I think you have its the oldest child that has changed the goalposts

OreoCookies24 · 09/09/2024 21:10

We do still see Child 2, but this had been limited to when Child 1 is there too. Which, until recently, has been one weekend a month or longer during the holidays. We are fully aware what Child 2 is interested in and there are absolutely no problems with Child 2 when in our company on those particular weekends.

We have had amicable sit down chats with just mum of Child 2, but Child 2 is absolute adamant they wont see DH without Child 1. This obviously puts Child 1 in a difficult position too, which we also need to think about.

It's a hard one, i must admit and have taken everyones comments on board, so thank you.

OP posts:
Goldbar · 09/09/2024 21:18

Why exactly does Child 2 refuse to see your DH without Child 1 there? What reason do they give? I presume they've been asked.

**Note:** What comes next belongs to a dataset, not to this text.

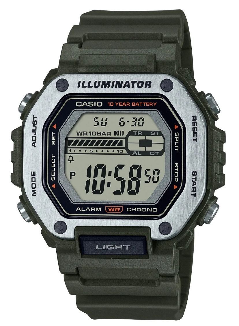 • Casio MWD110H-3AV Digital Green Resin Watch 100M Water Resistant 10-Year Battery

OreoCookies24 · 09/09/2024 21:27

We have asked many times over the years. We just simply get a no, doesnt want to without Child 1 and if pressed, we get tears. Mum then gets angry at DH for carrying on the questionning, and were back to square one. Rightly or wrongly, DH has learnt not retaliate and has tried to accept.

OP posts:
Goldbar · 09/09/2024 21:38

OreoCookies24 · 09/09/2024 21:27

We have asked many times over the years. We just simply get a no, doesnt want to without Child 1 and if pressed, we get tears. Mum then gets angry at DH for carrying on the questionning, and were back to square one. Rightly or wrongly, DH has learnt not retaliate and has tried to accept.

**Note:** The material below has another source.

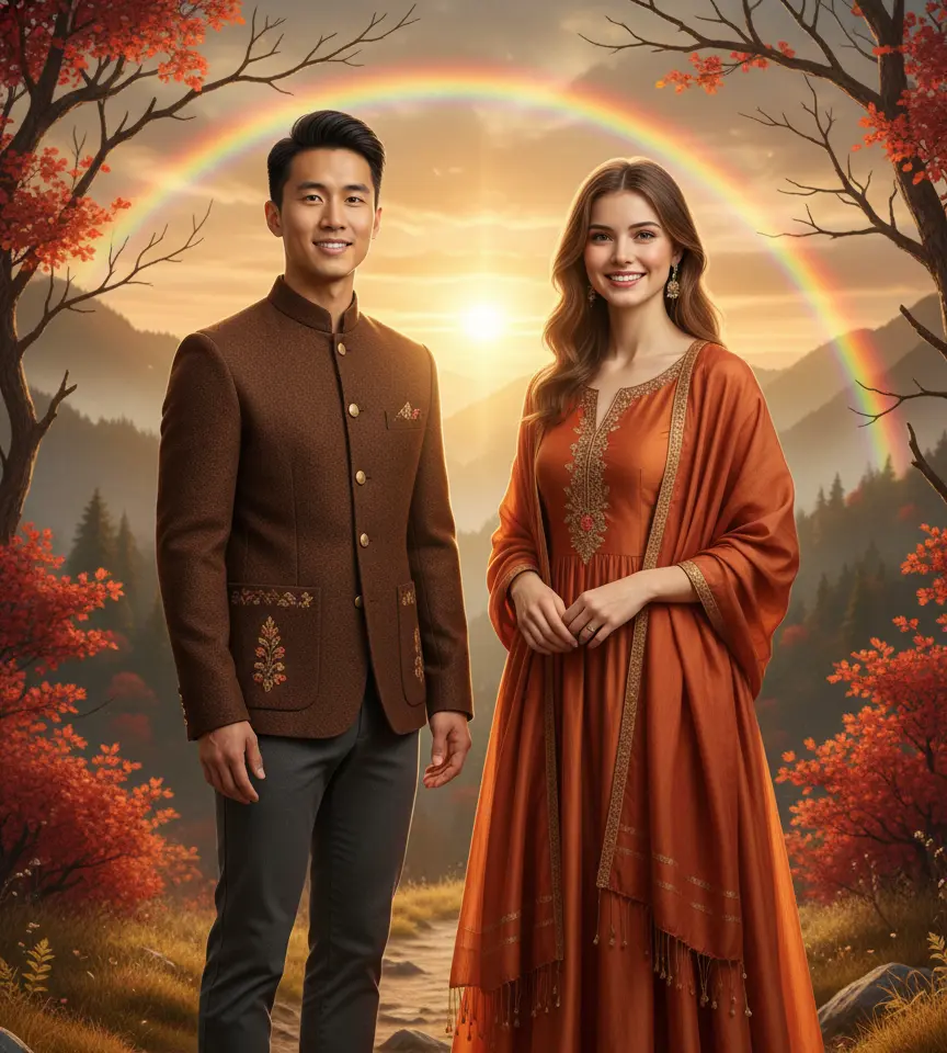 Our nature AI uses neural depth mapping to ensure your couple portraits look naturally blended with mountain and forest backgrounds.

Could you not try EOW (or at least monthly) and pick up direct from school?

OreoCookies24 · 09/09/2024 21:41

Thank you, and yes DH will continue to try. Fingers crossed one day we will turn a corner.

OP posts:
Illpickthatup · 09/09/2024 21:43

TheCultureHusks · 09/09/2024 19:06

Just very odd phrasing. Birth mum is usually used for a situation like adoption. These women are just the mums of their kids… normal mums?

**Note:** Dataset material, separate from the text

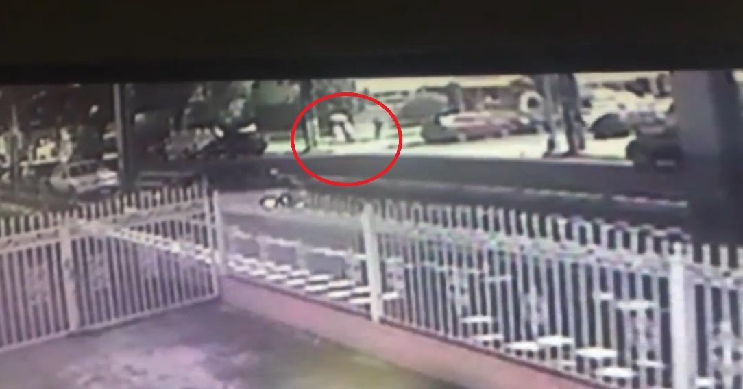 Στο βίντεο φαίνονται δύο άνδρες να περπατούν στο δρόμο και ένας τρίτος να τους πλησιάζει από πίσω και να τους πυροβολεί.

It's a commonly used term on step-parenting groups. I don't know why people get their knickers in a twist about it every time on MN.

babasaclover · 09/09/2024 22:04

You sound a lovely caring stepmother thank you for putting so much effort into the relationships with both children. Hopefully things will change in the future. Perhaps the young child is at a funny age? Hormones kicking at seven I believe.

Always continue to try when they are older they will come around and they will remember that you tried Flowers

OhcantthInkofaname · 09/09/2024 22:04

I'm not sure mom #2 isn't the problem. You have done things to please S2 for years. It's not fair for S1 to do all of the traveling. Have S1 travel twice per year. If S2 doesn't want to go with you that's his problem.

Goldbar · 09/09/2024 22:16

OhcantthInkofaname · 09/09/2024 22:04

I'm not sure mom #2 isn't the problem. You have done things to please S2 for years. It's not fair for S1 to do all of the traveling. Have S1 travel twice per year. If S2 doesn't want to go with you that's his problem.

But S2 shouldn't have to travel 400 miles to see a parent who lives 45 miles away. That seems to me to be the heart of the problem. I'm all for taking children's wishes into account but I really don't understand why S2 has been allowed to refuse contact with an apparently loving dad in this way by all the adults involved, unless the half-sibling is present, unless there is a lot more to the story.

Doingmybest12 · 09/09/2024 22:38

It's great that the half siblings have a relationship. I'd wonder about moving to more of a school holiday arrangement for longer periods and video calls at other times with sibling and then encourage more 1:1 with the dad and each child. Though it's for him to take the lead. Your post is full of 'we' , what do the children want from their relationship with you and from their dad separately?